Fast Optimization Of Continuous Flow Hydrogenation Reactions Using CatCart® Changer

The optimization of reactions is a timeconsuming process. Particularly when there are many different parameters to optimize. When hydrogenation is performed in batch reactors, if different temperatures, catalysts, or pressures need to be validated a separate reaction must be performed for each set of conditions. With the H-Cube^® and  CatCart^® Changer system, injections can be made at different temperatures and pressures on different catalysts without having to perform separate reactions. To demonstrate the ability of the  CatCart^® Changer to validate reactions quickly, two reactions were performed. 6 catalysts were screened for the deprotection cbz-tryptamine and the reaction temperature was validated for the selective reduction of 3-chloro-7-nitroindole without removing the chlorine.

The 6 different CatCarts® were placed in the CatCart^® Changer holders. Solvent was run through each of the CatCarts® to remove the air from the system. Previously validated set conditions of 1 mL/min, 70°C, and 40 bars were used for all 6 catalysts. The valve was set to CatCart®

1. The conditions were equilibrated using pure ethanol. Once the hydrogen was produced under the desired conditions a solution of 0,05 M cbz-tryptamine solution in EtOH was passed through the first CatCart®. An analytical sample was taken after 5 minutes. While this reaction was progressing CatCart® 2 was being heated to the set temperature independently. The valve then changed to position 2 without stopping the fl ow of starting material or hydrogen generation. After switching between the 2 positions an amount of 3 mL was collected as waste, which is the equivalent to the dead volume of the system. This was to make sure the catalyst systems did not mix. After an interval period of five minutes a sample was taken from CatCart®

2. This process continued until samples were taken from all 6 CatCarts®.

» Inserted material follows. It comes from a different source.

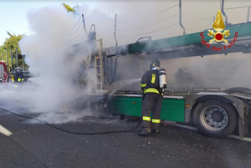 Pubblichiamo nota stampa dei Vigili del Fuoco: "Caserta 25 Agosto 2020 Poco prima delle 11:00 di questa mattina una squadra - si legge nella nota - dei Vigili del Fuoco di Caserta precisamente del distaccamento di Teano è intervenuta sull'A1 al km.728+400 del tratto autostradale SMCV- Capua. I Vigili del Fuoco, allertati dalla Polstrada, sono accorsi sul posto per domare le fiamme altissime che hanno avvolto la motrice di un mezzo pesante adibito al trasporto di autovetture. Sul posto oltre la squadra di Teano sono intervenute altre due squadre con una APS (autopompa serbatoio) ed una ABP (autobotte) provenienti - si legge nella nota - dalla sede centrale del Comando provinciale dei Vigili del Fuoco di Caserta. Insieme le squadre intervenute hanno evitato che il fuoco si propagasse al rimorchio dove non erano collocate macchine. Illeso l’autista che in un primo momento ha cercato invano con un estintore di spegnere l'incendio. L'opera di spegnimento si e completata alle ore 11:35 permettendo il regolare deflusso veicolare paralizzato precedentemente. Sul posto - si legge nella nota - presente la Polstrada di Caserta e personale della viabilità di Caserta."

The results are shown below in Table 1. The three recommended catalysts for deprotection gave conversion rates of 93-100%.
The other three catalysts gave poor results with conversions of 4-9%. The full time for optimzation of 6 different catalysts took approximately 2 hours.

The CatCart^® holders in the CatCart^® Changer can heat independently, therefore the reactor can switch between systems without pausing for heating or cooling.

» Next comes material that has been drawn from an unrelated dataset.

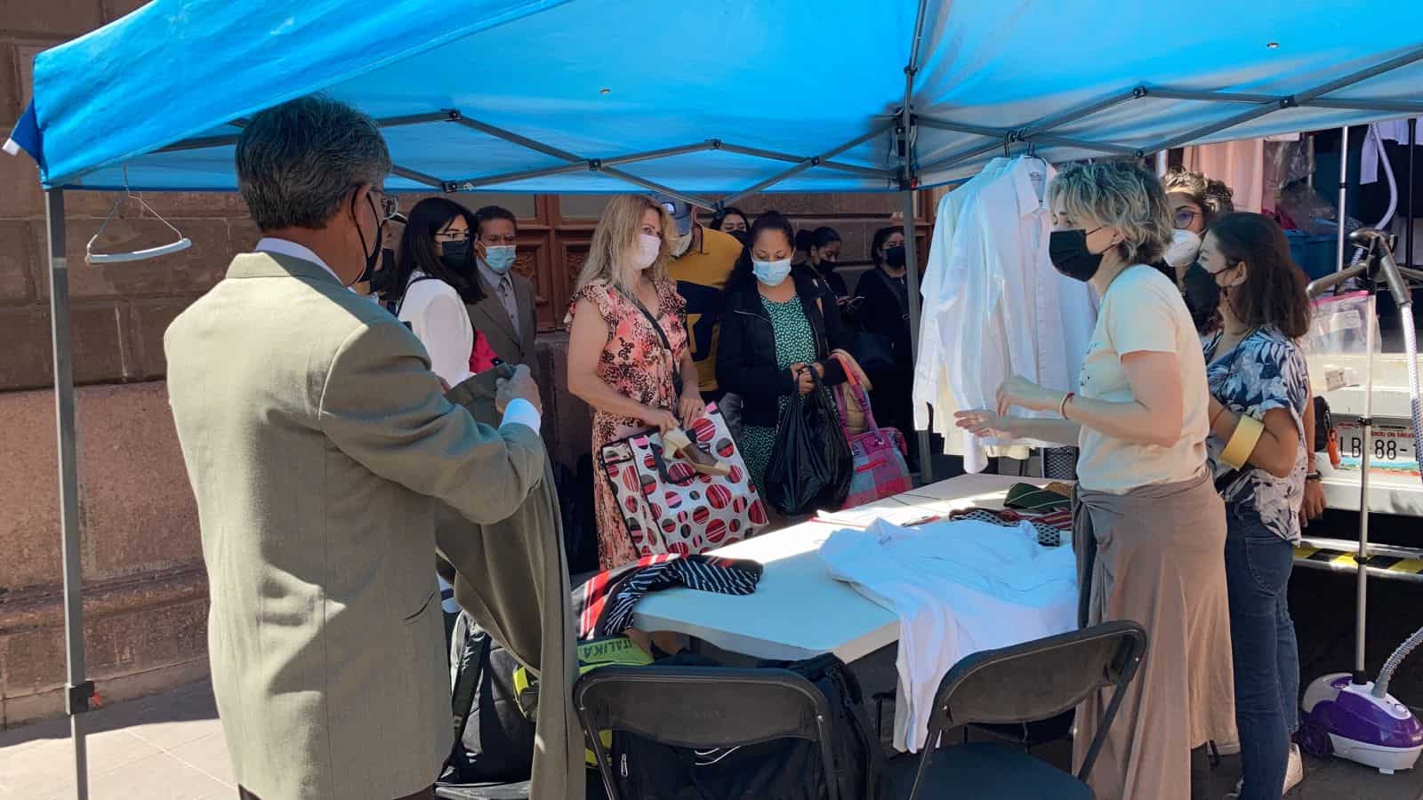 En la calle Galeana se estacionaron cuatro unidades, entre ellas una para cambio de ropa, así como para la provisión de alimentos.

0,01 M 3-chloro-7-nitroindole was dissolved in ethyl acetate and passed through four 5% Ru/C fi lled CatCarts^® at 70 bars and 1 mL/min. Each of the catalysts were set to a different temperature, 25°C, 50°C, 75°C, and 100°C respectively, to determine the best temperature for the nitro reduction without dehalogenation. After each reaction zone change, a 5 mL sample was discarded. After a futher 5 minutes an analytical sample was taken and the conversion recorded.

The  CatCart^® Changer is made of 6 reactions zones where catalysts can be reacted at temperatures and pressures. A valve, controlled by software, changes the direction of the flow to any of the 6 zones. Compound may be injected at different temperatures and pressures on 6 different catalysts. A fraction is collected for each set of parameters.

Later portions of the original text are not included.